#### Provided material:
================================
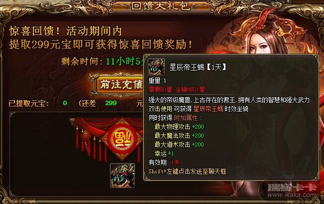 :活动期间充值达到指定元宝数,即可领取一份对应充值礼包,
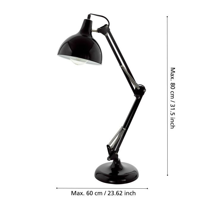 Eglo Borgillio Φωτιστικό Γραφείου με Σπαστό Βραχίονα σε Μαύρο Χρώμα 94697
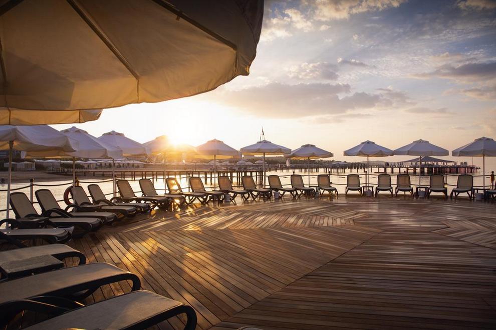 Хотелът има частен плаж на Средиземно море. Два външни басейна и тераса за слънчеви бани.
================================
#### What you are asked to do:
Output exactly the lines from the one that has "Eglo Borgillio Φωτιστικό" through the end of the data. Do not include pictures.

#### Exercise result:
 Eglo Borgillio Φωτιστικό Γραφείου με Σπαστό Βραχίονα σε Μαύρο Χρώμα 94697
 Хотелът има частен плаж на Средиземно море. Два външни басейна и тераса за слънчеви бани.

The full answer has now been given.